Aerotek moves to dismiss plaintiff's Title VII claims against it, asserting that plaintiff's amended complaint, which references only her June 2008 and April 2009 EEOC filings, does not sufficiently allege that she exhausted her administrative remedies with respect to her claims against Aerotek. Aerotek Mot. Mem. at 4. Plaintiff counters that the claims against Aerotek set forth in counts I and II of her amended complaint do not rest on her filing of an EEOC charge against Aerotek but are instead premised on a commonality of interests between Aerotek and Test. Pl.'s Opp'n at 1.

Title VII claims ordinarily require administrative exhaustion before judicial remedies can be invoked. Webb v. Bd. of Educ. Of Dyer Cnty., Tenn., 471 U.S. 234, 247-248 (1985). "'[N]o one is entitled to judicial relief for a supposed or threatened injury until the prescribed administrative remedy has been exhausted.'" McKart v. U.S., 395 U.S. 185, 193 (1969), quoting Myers v. Bethlehem Shipbuilding Corp., 303 U.S. 41, 50-51 (1938); see also Equal Emp't Opportunity Comm'n v. Pathmark, Inc., No. 97-3994, 1998 WL 57520, at *5 (E.D. Pa. Feb. 12, 1998), citing Hicks v.

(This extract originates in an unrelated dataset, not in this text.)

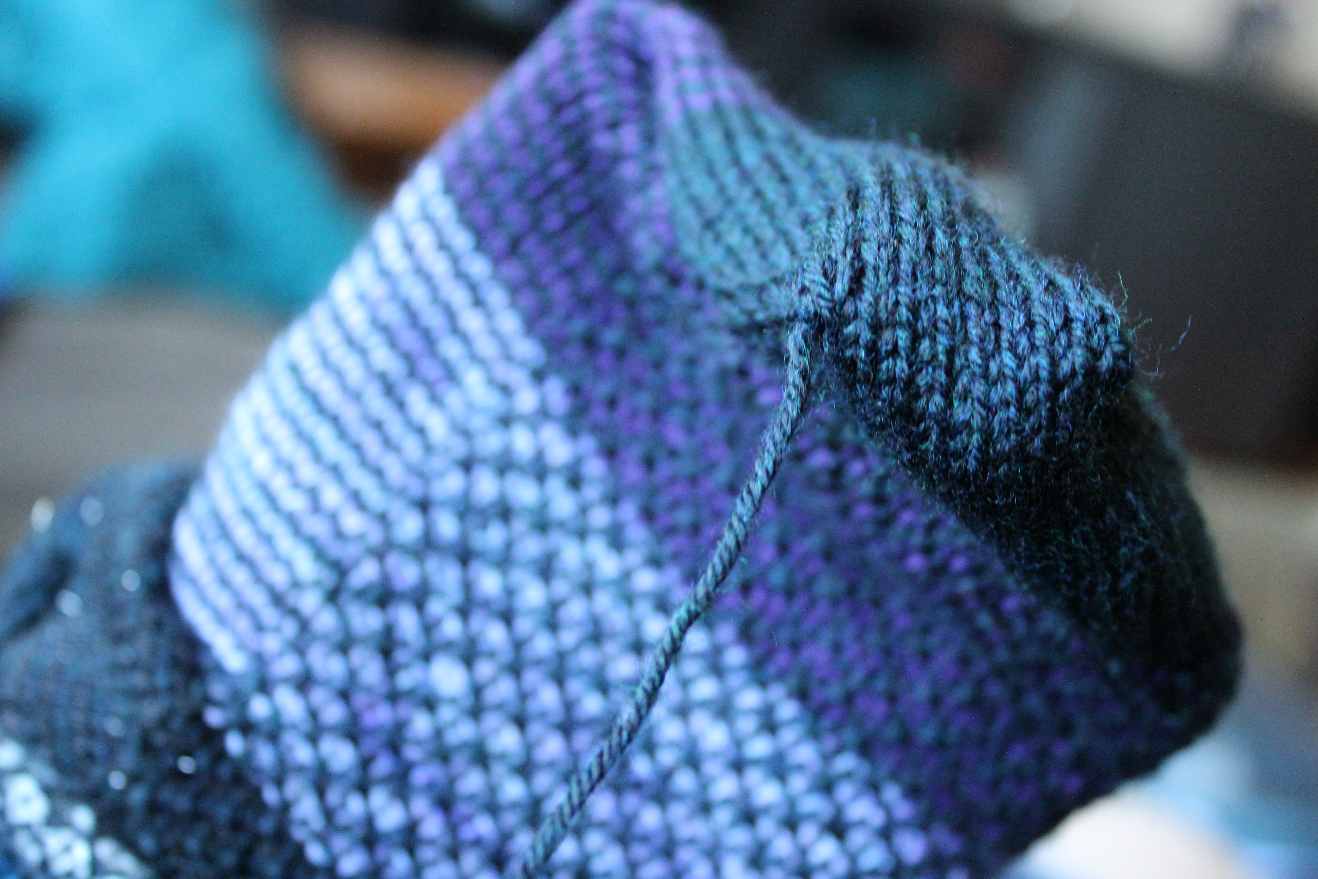 Then a little careful pulling, (I know you’re supposed to keep your stitches tight when you do the Kitchener stitch, but for whatever reason, leaving them loose, then tightening them up afterward makes more sense to me.)

Arthur, 843 F. Supp. 949, 956 (E.D. Pa. 1994) ("The federal court lacks subject matter jurisdiction to hear Title VII claims unless the claims have been previously filed with the EEOC . . . ."); Diamente v. Wallenstein, No. 89-9014, 1990 WL 139399, at *3 (E.D. Pa. Sept. 19, 1990) ("Section 2000e-5(f)(1) of Title 42 requires that a plaintiff exhaust her administrative remedies with the Equal Employment Opportunity Commission . . . before bringing a Title VII claim in this court."). "The purpose of requiring an aggrieved party to resort first to the EEOC is twofold: to give notice to the charged party and provide an avenue for voluntary compliance without resort to litigation." Glus v. G. C. Murphy Co., 562 F.2d 880, 888 (3d Cir. 1997)

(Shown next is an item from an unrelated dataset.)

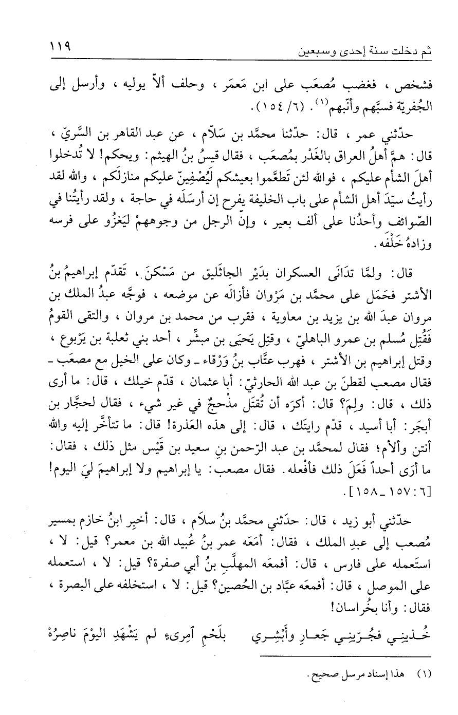 حدّثني أبو زيد، قال: حدّثني محمَّد بن سلام، قال: أخبِر ابنُ خازم بمسير مُصعب إلى عبد الملك، فقال: أمَعَه عمر بن عُبيد الله بن معمر؟ قيل: لا، استَعمله على فارس، قال: أفمعَه المهلَّبِ بن أبي صفرة؟ قيل: لا، استعمله على الموصل، قال: أفمعَه عبَّاد بن الحُصين؟ قيل: لا، استخلفه على البصرة، فقال: وأنا بخُراسان!
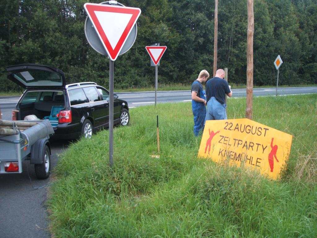 Der nächste Aufstellungort ist erreicht und wieder wird in Rekordzeit das nächste Schild aufgestellt. Im Schnitt benötigen wir 15 Minuten, um 2 Löcher zu bohren, die Pfähle einzugraben und das Schild zu befestigen.

The Court of Appeals for the Third Circuit established a narrow exception to the administrative exhaustion requirement in Glus v. G. C. Murphy Co., 629 F.2d 248, 251 (3d Cir. 1981), vacated on other grounds, 451 U.S. 935 (1981), finding that Title VII claims against a party not named in an EEOC charge could proceed where the complaint before the EEOC had named a party whose interests were the same as those of the unnamed party, the named and unnamed parties shared the same attorney, and the unnamed party had received notice of the claim. Id. In reaching its conclusion, the Court enumerated four factors relevant to a determination as to whether a plaintiff may bring suit against a party who has not been named in an EEOC charge:

1) whether the role of the unnamed party could through reasonable effort by the complainant be ascertained at the time of the filing of the EEOC complaint;

2) whether, under the circumstances, the interests of a named are so similar as the unnamed party's that for the purpose of obtaining voluntary conciliation and compliance it would be unnecessary to ...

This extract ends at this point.